Adapun, nilai perdagangan karbon Indonesia diperkirakan mencapai US$565,9 miliar setara Rp8.000 triliun yang diperoleh dari hutan tropis, mangrove, dan lahan gambut.
Dorong Transisi Energi
Sementara itu, Direktur Jenderal Pengendalian Perubahan Iklim Kementerian Lingkungan Hidup dan Kehutanan (KLHK) Laksmi Dhewanthi menegaskan komitmen Indonesia untuk mencapai emisi nol bersih pada 2060 atau lebih cepat salah satunya dengan mendorong transisi energi nasional.
Implementasinya berupa penghapusan secara bertahap dari operasionalisasi pembangkit listrik tenaga uap (PLTU) batu bara dan subsidi dengan pengembangan energi secara besar-besaran dari energi baru terbarukan.
KLHK telah membahas dan mendapatkan masukan dari kementerian dan lembaga terkait dan pemangku kepentingan untuk melengkapi dan menyempurnakan konsep peraturan turunan dari Peraturan Presiden Nomor 98 tahun 2021 tentang penyelenggaraan NEK.
Selain itu, KLHK juga mengembangkan berbagai macam modalitas dan sistem pendukung untuk memastikan penyelenggaraan NEK dapat berlangsung dengan tepat, efektif dan efisien.

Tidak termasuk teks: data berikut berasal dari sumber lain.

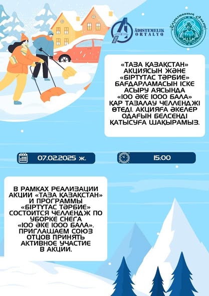 "Таза Қазақстан" акциясын және "Біртұтас тәрбие" бағдарламасын іске асыру аясында "100 әке 1000 бала" қар тазалау челленджі өтті.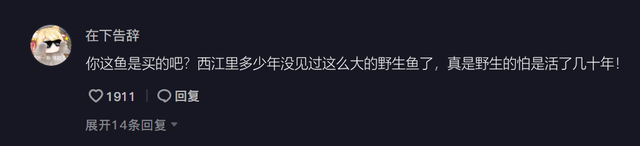 甚至有人直言“你这鱼是买的吧?西江里多少年没见过这么大的野生鱼了,真是野生的怕是活了几十年!”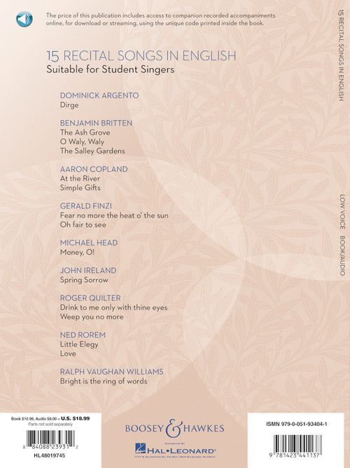 15 Recital Songs in EnglishLow VoicePublisher: Boosey & HawkesCategory: VocalSeries: Boosey & Hawkes VoiceFormat: Softcover Audio OnlineA collection of American and British songs especially suitable for student singers, with songs by Dominick Argento, Benjamin Britten, Aaron...Regular price $23.99 -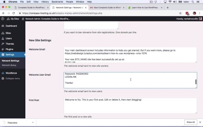 In this lesson, we'll configure the welcome emails and default first post for sites on the network.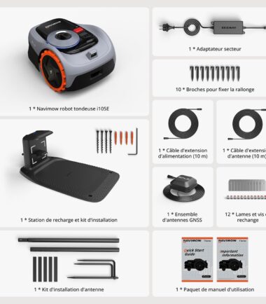 - Contenu de la livraison: 1 * Navimow robot tondeuse sans fil i105E, 1 * Adaptateur secteur, 1 * Câble d’extension d’alimentation (10 m), 1 * Câble d’extension d’antenne (10 m), 10 * Broches pour fixer la rallonge, 1 * Station de recharge et kit d’installation, 1 * Ensemble d’antennes GNSS, 1 * Kit d’installation d’antenne, 12 * Lames et vis de rechange, 1 * Paquet de manuel d’utilisation.
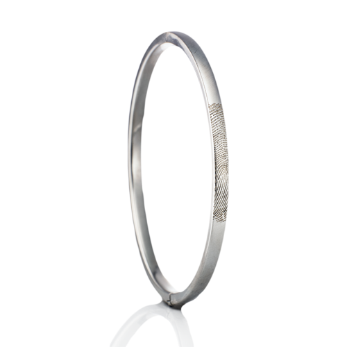 Deze smalle zilveren armband met vingerafdruk vormt een heel bijzondere manier om uw liefde uit te drukken. Op de scharnierarmband wordt met een laser een afbeelding van een vingerafdruk, handpalm, dierenpoot of babyhandje of –voetje gegraveerd. Door de toevoeging van de afdruk wordt de armband een blijvende herinnering aan een geliefde of dierbare. De scharnierarmband is 60mm (ca. 17cm) groot en 4mm breed en sluit met een bakslot. De armband kan mat of glanzend worden afgewerkt.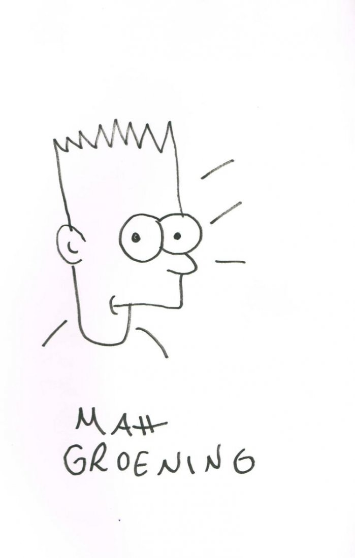 SoldMatt Groening Original Signed Drawing of Bart SimpsonMatt Groening Original Signed Drawing of Bart Simpson in 2013 Comic Con Futurama Comic Matt Groening Spectacular Full size Original Black Felt Tip drawing of Bart Simpson placed on the inside of the fSee Sold Price
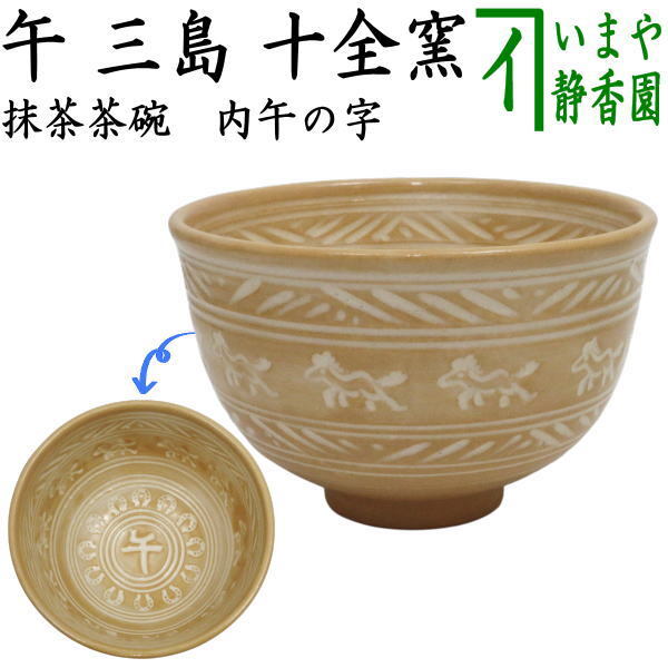 - 茶道具 抹茶茶碗 干支 午 干支茶碗 三島 午 内午の字 十全窯 干支午 御題明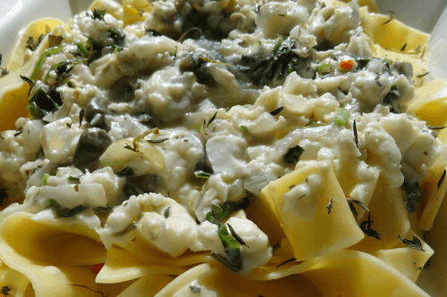 Pappardelle with white fish, roquefort and spinach sauce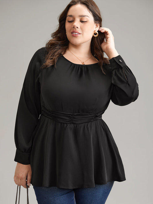 Anti-Wrinkle Plain Ruched Elastic Waist Blouse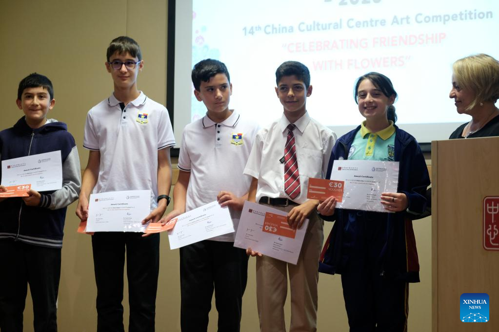 Students attend an awards ceremony for the 14th "Imagining China" children's art competition in Valletta, Malta, on June 6, 2023. An exhibition showcasing the tea culture of Xi'an, Shaanxi Province in northwest China, commenced on Tuesday at the China Cultural Centre in Malta. (Photo by Jonathan Borg/Xinhua)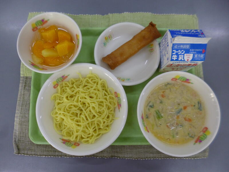 牛乳 豆乳たんたんつけめん 春巻き フルーツ和え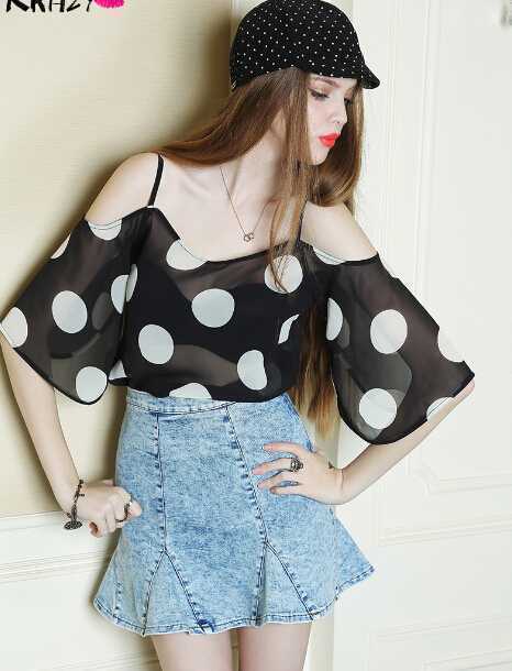 俏皮感波点夏季雪纺衫,微透视雪纺面料,秀出你的美肌很性感迷人,束腰搭配鱼尾牛仔短裙,秀出你的小细腿,穿出十足显瘦时尚范儿。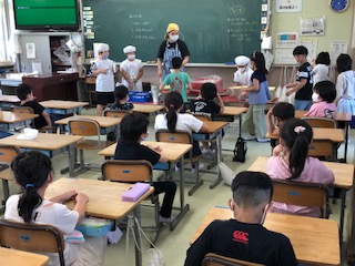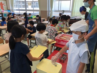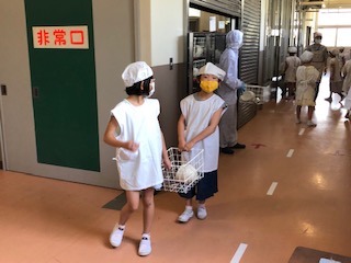 2年から6年は今日から給食です。低、中、高学年で時間をずらして取りに行きます。カフェテリア方式で、自分の給食を自分で取りに行きます。みんな席についた状態で端の人から距離を空けて並びます。スプーンやジャムを置く給食当番さんは、手袋をしています。大おかずは先生が注ぎます。
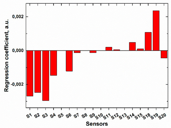 It was proven by calculation of the regression coefficients (Figure 5) that the response of the multisensor system towards sodium hypochlorite was stipulated by the sensitivity to chlorine-containing anions in solution (sensors S1–S6), rather than to sodium (or any other) cations (sensors S7–S15). The redox response of chalcogenide glass sensors (sensors S18–S20) included into the sensor array was also quite informative in this case.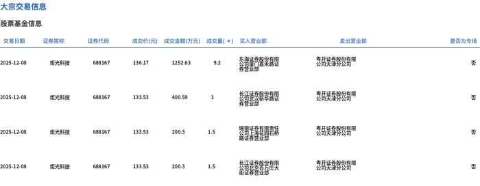 12月8日,炬光科技大宗交易成交15.2万股,成交额2053.82万元,占当日总成交额的1.43%,成交均价135.12元,较市场收盘价157.17元折价14.03%,其中最高成交价136.17元,最低成交价133.53元。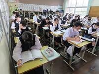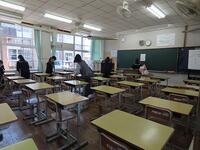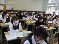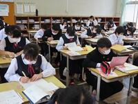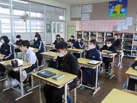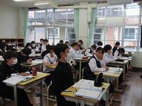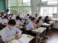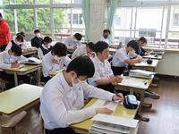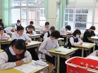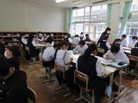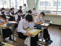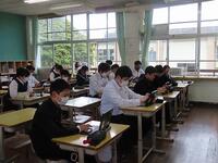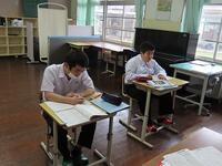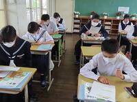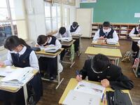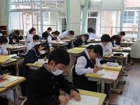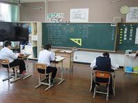 本日の1時間目、全学年県数学一斉テストに取り組んでいる様子です。真剣な表情でテストに臨んでいます。テストは自分の苦手なところを把握する意味でもとても大切なものです。得意なところはさらに伸ばし、弱点は克服しましょう。2時間目は、2・3年生が県英語一斉テストに取り組みます。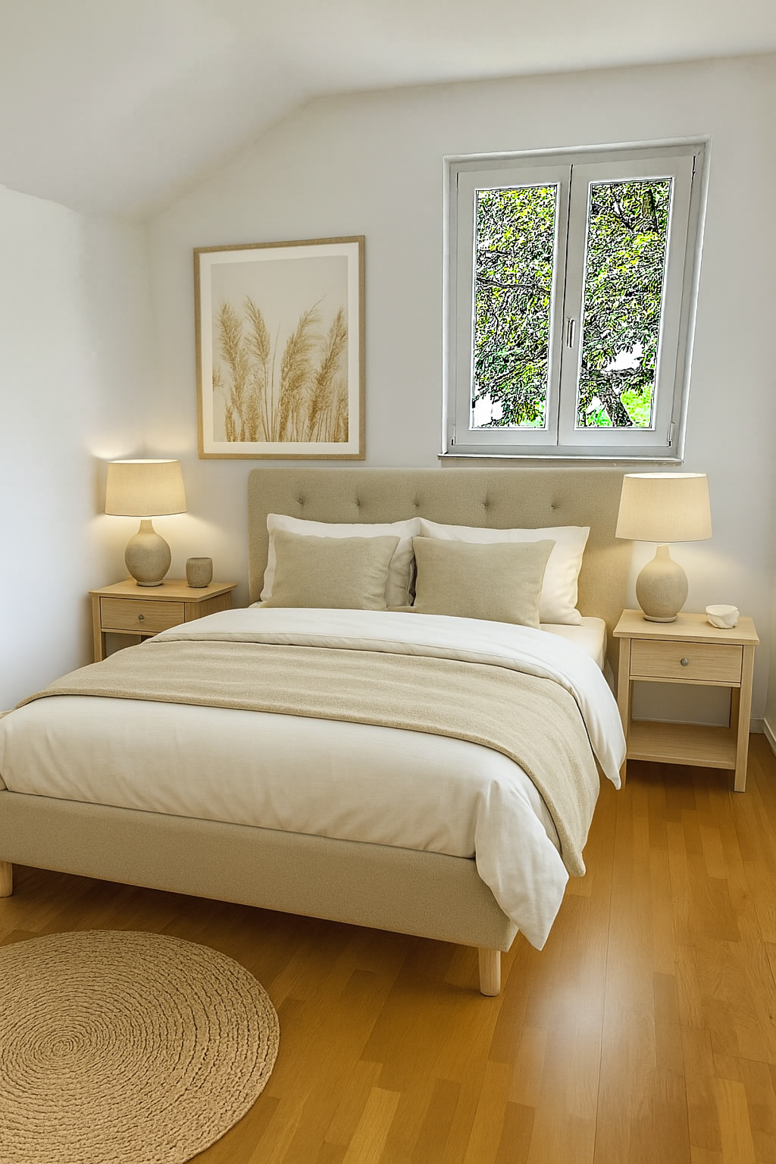 Au rdc : une cuisine neuve équipée, un salon/séjour, un bureau, une chambre, une salle de bain, un wc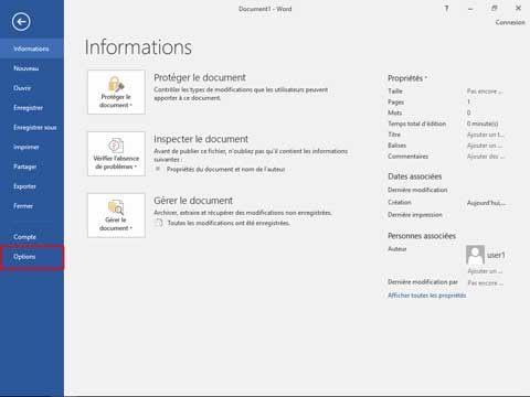 Sélectionnez Options depuis le menu Fichier dans l'application Office.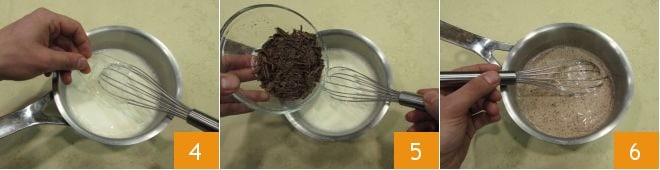 puis chauffez le tout jusqu’à ce que le sucre soit complètement dissous. Éteignez le feu, retirez la gélatine de l'eau et après l'avoir bien essorée, ajoutez-la à la crème 4 : mélangez soigneusement avec un fouet pour dissoudre complètement la gélatine. Ajoutez également le chocolat 5 en mélangeant continuellement jusqu'à ce qu'il soit complètement fondu 6.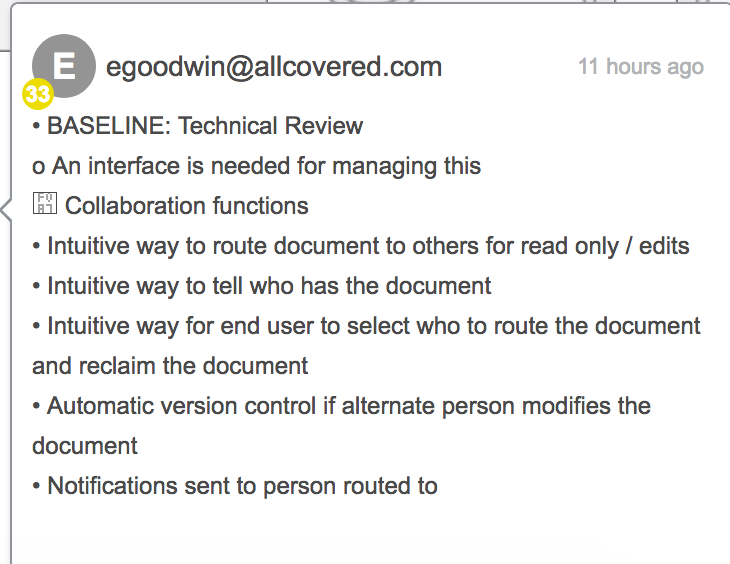 # Baseline - Technical Review Needed Interface for Collaborative functions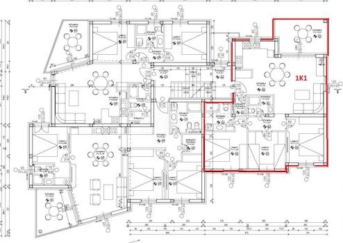 Der voraussichtliche Einzugstermin ist Ende Die Wohneinheit 1K1 befindet sich im ersten Stock des Gebäudes, ist nach Nordosten ausgerichtet und verfügt über eine Nutzfläche von 92,56 m². Im vorderen Teil der Wohnung befindet sich eine großzügige Küche mit Essbereich und Wohnzimmer, mit Zugang zu einer Terrasse von 11,24 m², die Meerblick bietet. Die Wohnung umfasst außerdem ein Badezimmer, einen Abstellraum und einen Flur, der zu drei Schlafzimmern führt, von denen eines über ein eigenes Badezimmer verfügt.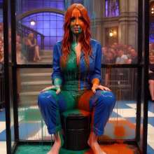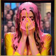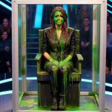 Rachel cringed in shock as the torrent of blue,green,orange gunge came pouring down over her covering her completely as she put her hands over her face to try and hide from the gunge put it wasnt working.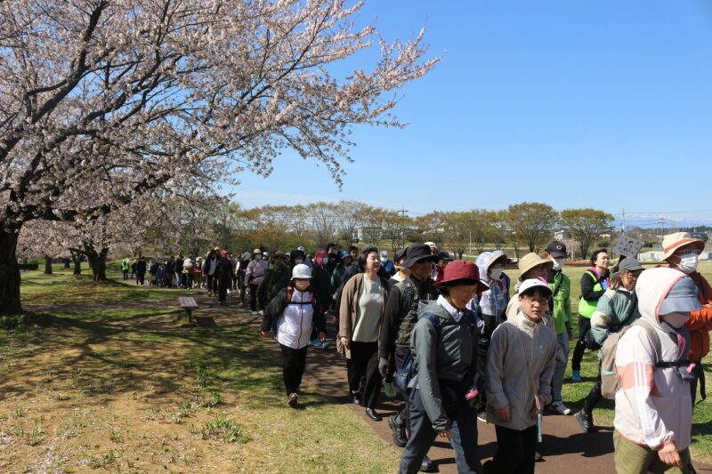 ウオークや花見楽しむ 鏡石町 桜満開の下でイベント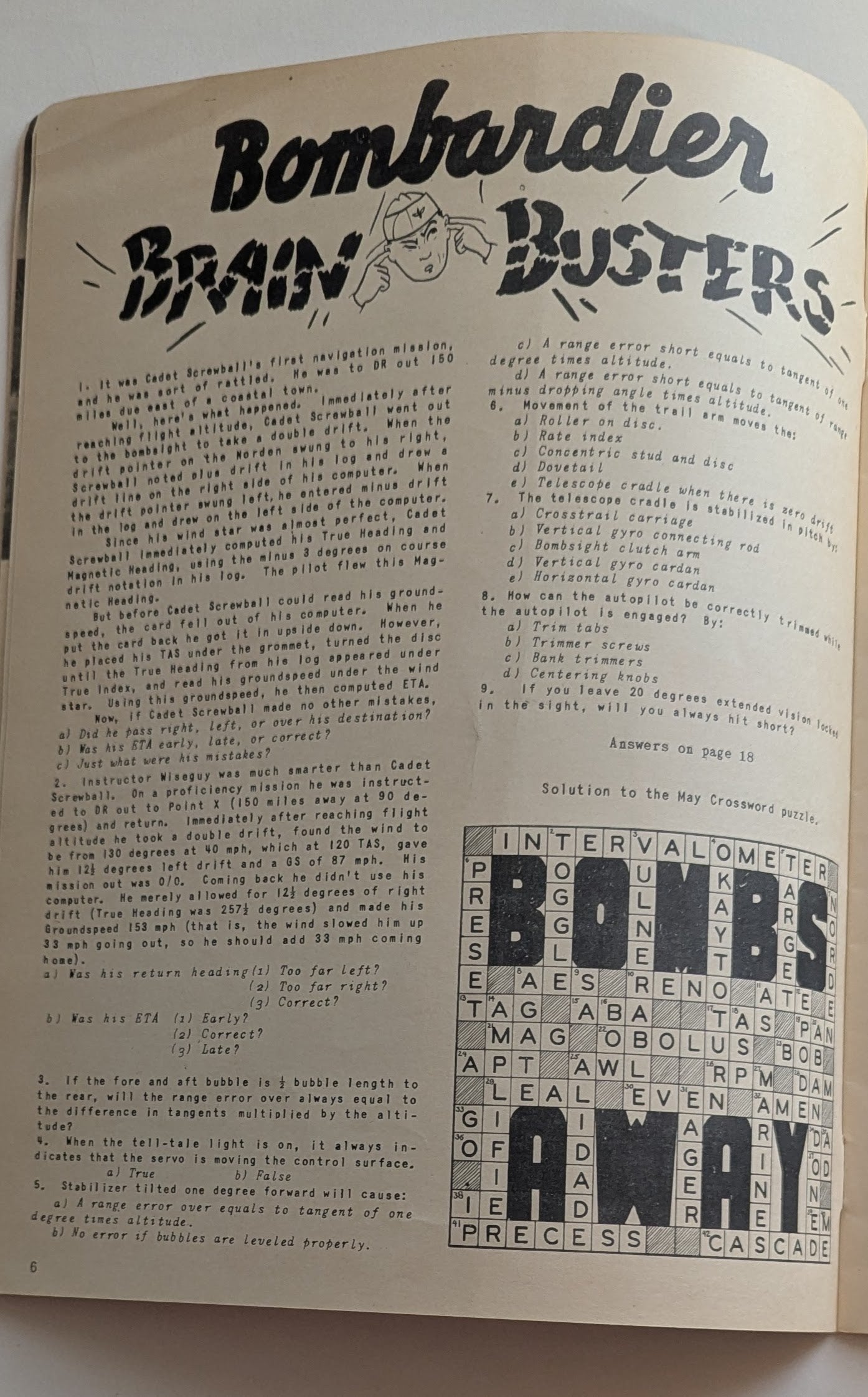 In this fascinating zine from the Air Force, we see the lighter side of of our bombardiers. with articles ranging from the deeply technical to lighter hearted pieces like "Bombardier Brain Busters". Amazing illustrations throughout. Exceedingly scarce...and restricted!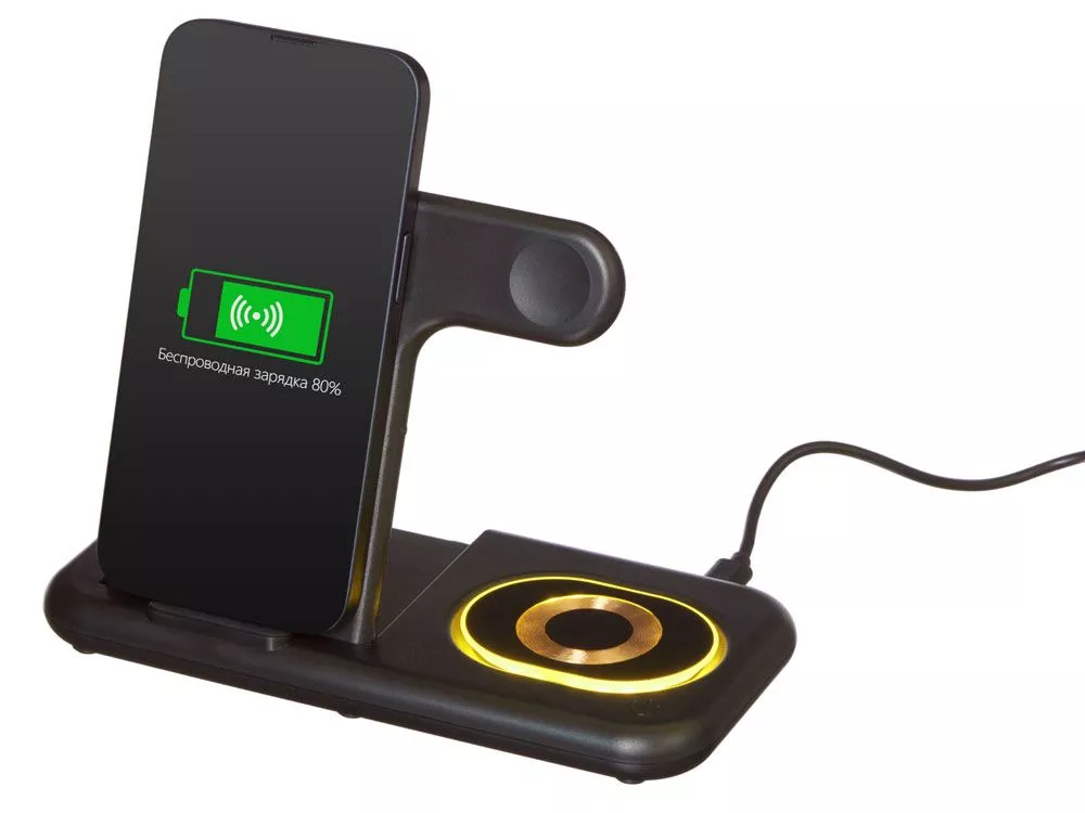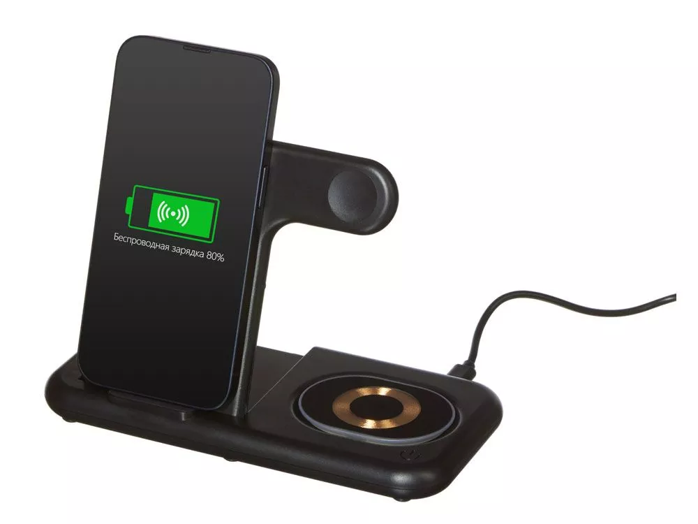 Беспроводная зарядная станция на 3 устройства MajestiQ с прогрессивным дизайном: модуль беспроводной зарядки в вертикальном сегменте станции может менять свое положение по принципу слайдера. Это позволяет настроить положение под размер любого смартфон, не снимая чехла. На станции можно заряжать три беспроводных устройства одновременно: смарт-часы Apple, смартфон и беспроводные наушники. Вместо наушников можно расположить для зарядки второй смартфон. MajestiQ поддерживает быструю беспроводную зарядку 15 Вт. * В зарядные модули встроена атмосферная подсветка с тремя уровнями яркости. Поставляется в сложенном виде, угол наклона можно выставить практически любой. • настраиваемая высота вертикального модуля зарядки • быстрая беспроводная зарядка до 15 Вт • 3 яркости подсветки зарядных мест • регулируемый угол наклона станции * при наличии сетевого адаптера 18 Вт и выше (в комплект не входит). Тампопечать (1 цвет (цветные изделия)) на данный товар осуществляется бесплатно. Оплачивается только настройка оборудования в размере 4000 рублей на весь тираж.

"Sistem pendukung tersebut di antaranya strategi dan peta jalan mitigasi, dan peta jalan adaptasi perubahan iklim, sistem inventori Gas Rumah Kaca (GRK), Sistem Registri Nasional (SRN), sistem informasi data indeks kerentanan, program kampung iklim, dan program maupun sistem pendukung lainnya," papar Laksmi.
Dia menambahkan, program dan sistem pendukung ini akan terus dikembangkan dan akan terus disempurnakan sesuai dengan kebutuhan dan tantangan serta strategi ke depan. Oleh karena itu, KLHK membutuhkan banyak dukungan agar seluruh upaya ini bisa mencapai kondisi yang diharapkan.
"Diperlukan kerja keras, kerja cerdas dan kerja sama seluruh pihak," ungkapnya.